Unraveling the flavin-catalyzed photooxidation of benzylic alcohol with transient absorption spectroscopy from sub-pico- to microseconds

Phys. Chem. Chem. Phys., 2011, 13, 8869-8880 published on 01.04.2011
Phys. Chem. Chem. Phys.

Flavin-mediated photooxidations have been described for applications in synthetic organic chemistry for some time and are claimed to be a route to the use of solar energy. We present a detailed investigation of the involved photophysical and photochemical steps in methoxybenzyl alcohol oxidation on a timescale ranging from sub-picoseconds to tens of microseconds. The results establish the flavin triplet state as the key intermediate for the photooxidation. The initial step is an electron transfer from the alcohol to the triplet state of the flavin catalyst with 3kET ~ 2x107 M-1s-1, followed by a proton transfer in ~ 6 µs. In contrast, the electron transfer involving the singlet state of flavin is a loss channel. It is followed by rapid charge recombination (τ = 50 ps) without significant product formation as seen when flavin is dissolved in pure benzylic alcohol.

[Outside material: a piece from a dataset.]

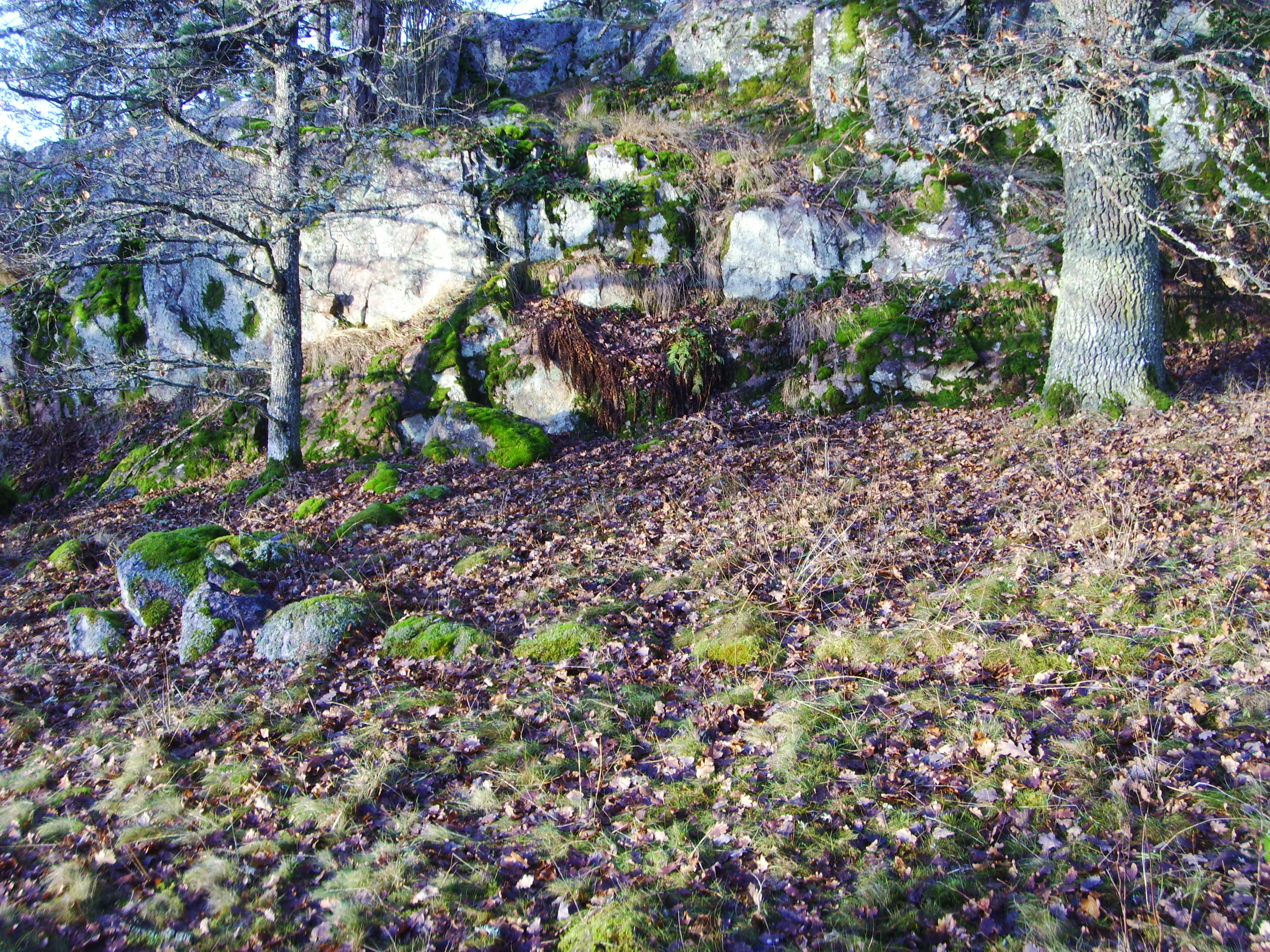 Tångstad hillfort (Borgberget – Kimstads socken, fornlämning 93) is one of the larger of Östergötlands hillforts and appear to have been permanently settled. The settlement is bound on west, north and east sides by an immense stone wall. The east are to be found the remainsof an outer wall in which was an entry to the fortification. To the south the hill slopes steeply down to lake Roxen. Archeological research in 1963 revealed the foundations of two houses. The house walls had been of wattle- and daub construction. Fragments of warpweights as well as potsherds chain mail and iron slag were found at the same time.

In dilute acetonitrile/water solutions of flavin and alcohol the electron transfer is mostly controlled by diffusion, though at high substrate concentrations > 100 mM we also find a considerable contribution from preassociated flavin-alcohol-aggregates. The model including a productive triplet channel and a competing singlet loss channel is confirmed by the course of the photooxidation quantum yield as a function of substrate concentration: We find a maximum quantum yield of 3% at 25 mM of benzylic alcohol and significantly smaller values for both higher and lower alcohol concentrations. The observations indicate the importance to perform flavin photooxidations at optimized substrate concentrations to achieve high quantum efficiencies and provide directions for the design of flavin photo-catalysts with improved performance.